Олонецкий его друг писал когда-то:
Забудет ли пахарь гумно,Луна избяное окно,Медовую кашку пчелаИ белка кладовку дупла!В лугах косили траву.
В середине июля он был в деревне последний раз в своей жизни.
– Так особо мы не приглядывались к нему, ну, Серега и Серега! Парень был веселый, не сказать чтобы очень озорной, но не лапша, в деревне лапшой быть – заклюют, сами знаете. Шалун был.
– Шалун? – переспросил молодой человек с аппаратом на груди, может, тот самый, что напророчил Есенину остаться в веках.
– Шалу-ун, – повторил старик, сидевший на лавочке в сумерках. – Бывало, чуть что – драться. Ни одной игры без драки не проходило. Маленькие были. Ну и ему часто влетало. В драке-то слаборукий был, ну а затеи его. Как что не так – р-раз, смотришь, уже влепил соседу. Сейчас все на него. И не серчает. Тут же отвернулся, утерся, и опять играть. Беззлобный был. Простак. Последним поделится. Дед-то бочку с вином выставлял на дорогу, поил прохожих.
– Что вы говорите! – воскликнул мужчина хозяйственного вида с сеткой яблок в руках. – Вы и деда знали?
– Ну а как же. И деда по матери, и бабушку, всех, с одной деревни. Кто ж думал, что он у нас свой поэт будет.

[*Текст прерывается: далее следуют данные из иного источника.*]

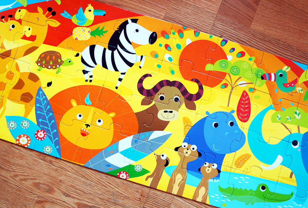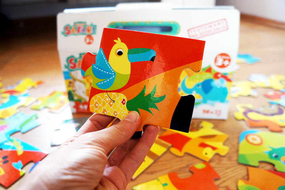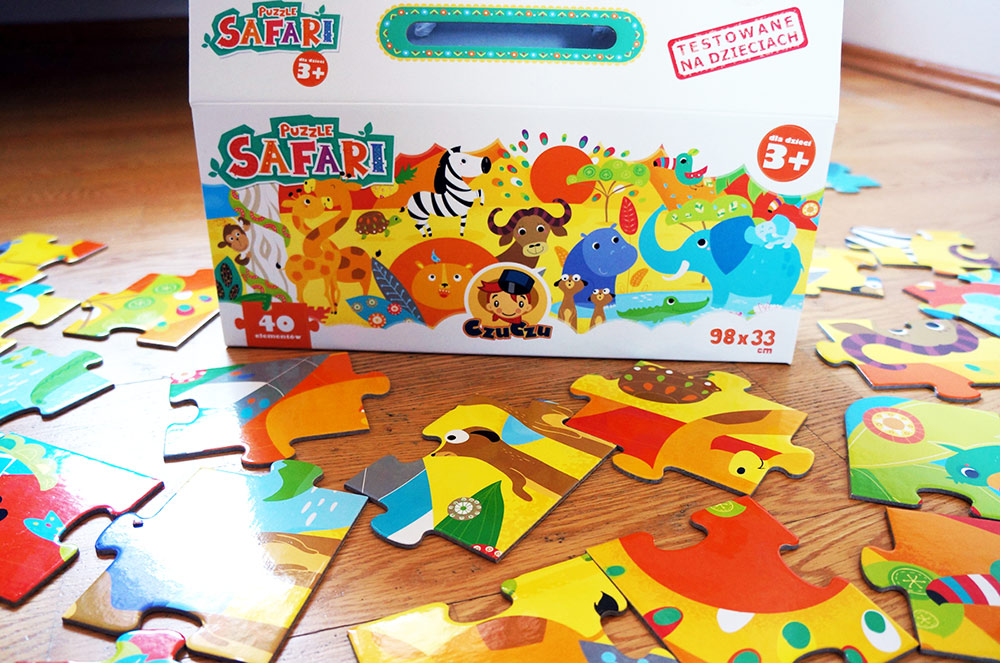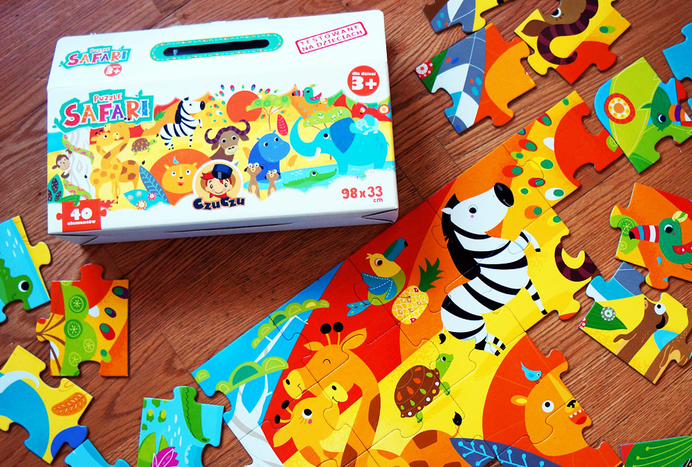 Puzzle Safari przeznaczone są dla dzieci powyżej trzeciego roku życia i składają się z 40. dużych elementów, wyciętych z naprawdę solidnej tektury, pokrytej barwnym drukiem.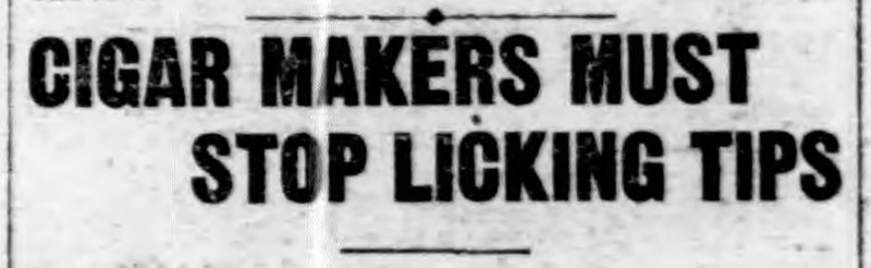 "Cigar makers must stop licking tips."  From the Duluth Herald, 1914.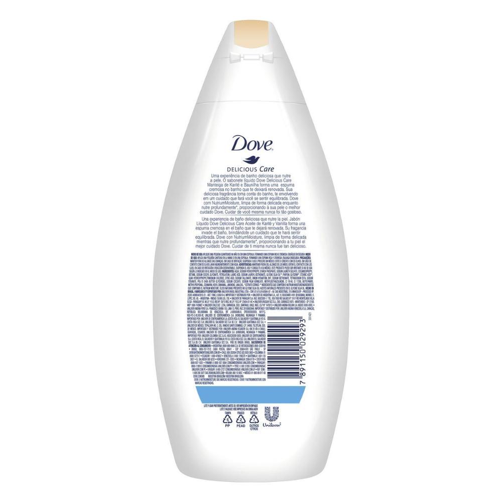 Possui Nutrium Moisture, nossa mistura única de hidratantes que ajuda a nutrir a sua pele deixando-a macia e suave. Fórmula cremosa, rica e suave que não agride a pele. Pode ser usado diariamente. Pele macia e mais bonita todos os dias. Limpeza eficaz, ajuda a proteger a camada protetora da pele. Deliciosa fragrância de manteiga de karité e baunilha. Nós sabemos que às vezes você precisa de um tempinho só para você. O chuveiro é um ótimo lugar para ter um momento consigo mesma e, com o sabonete líquido certo, também pode ser um lugar para cuidar da sua pele. É por isso que apresentamos o Sabonete Líquido Dove Delicious Care Karité e Baunilha, um de nossos melhores sabonetes líquidos hidratantes, que te faz relaxar e cuida da sua pele. Os benefícios hidratantes para a pele da manteiga de karité já são bastante conhecidos, é por isso que a adicionamos ao Sabonete Líquido Dove Delicious Care Karité e Baunilha. Esse sabonete líquido te envolve em uma espuma rica e cremosa, com uma deliciosa fragrância de manteiga de karité e baunilha, uma experiência que vai fazer com que você se sinta relaxada. Além disso, a fórmula suave do sabonete é enriquecida com Nutrium Moisture, nossa mistura única de hidratantes que ajuda a nutrir a sua pele deixando-a macia e suave. Para uma melhor experiência de uso e rendimento do produto, sugerimos as seguintes formas de uso: - Apenas um pouco do produto na esponja é capaz de lavar o corpo inteiro; - Banho com esponja: Colocar uma pequena quantidade de produto na esponja (5ml) e passar suavemente pelo corpo; - Banho sem esponja: Aplicar uma pequena quantidade de produto nas mãos, fora da água, fazer a espuma e aplicar no corpo. Você pode ser fã do Sabonete Líquido Dove Delicious Care Karité e Baunilha, mas com tantas opções, por que não experimentar todos? Afinal, temos um sabonete para cada momento.

– А я читал, – сказал парень, присаживаясь к старику на лавку, – сестра пишет в воспоминаниях. Но скупо как-то пишет.
– Раньше воду с Оки носили, на горку. Соберемся, ни одной бабе проходу не дадим: то песку насыплем, то еще чего, и он с нами. В школу ходили, в церковь. Бывало, часто тетрадки давали. Их надо было сшивать. У каждого иголка с ниткой. И вот он впереди меня сидел. Сейчас повернется: «Глянь, ребята!» Втыкает иголку в ладонь и здесь вытаскивает. И не поморщится. От него можно было ждать такой смерти. Отчаянный.
– Да, да, – подтвердил мужчина, – по стихам видно. Горел на ветру. Да.
– Было за ним.
– А еще что помните? Насчет этого правда он был? – щелкнул по горлу парень.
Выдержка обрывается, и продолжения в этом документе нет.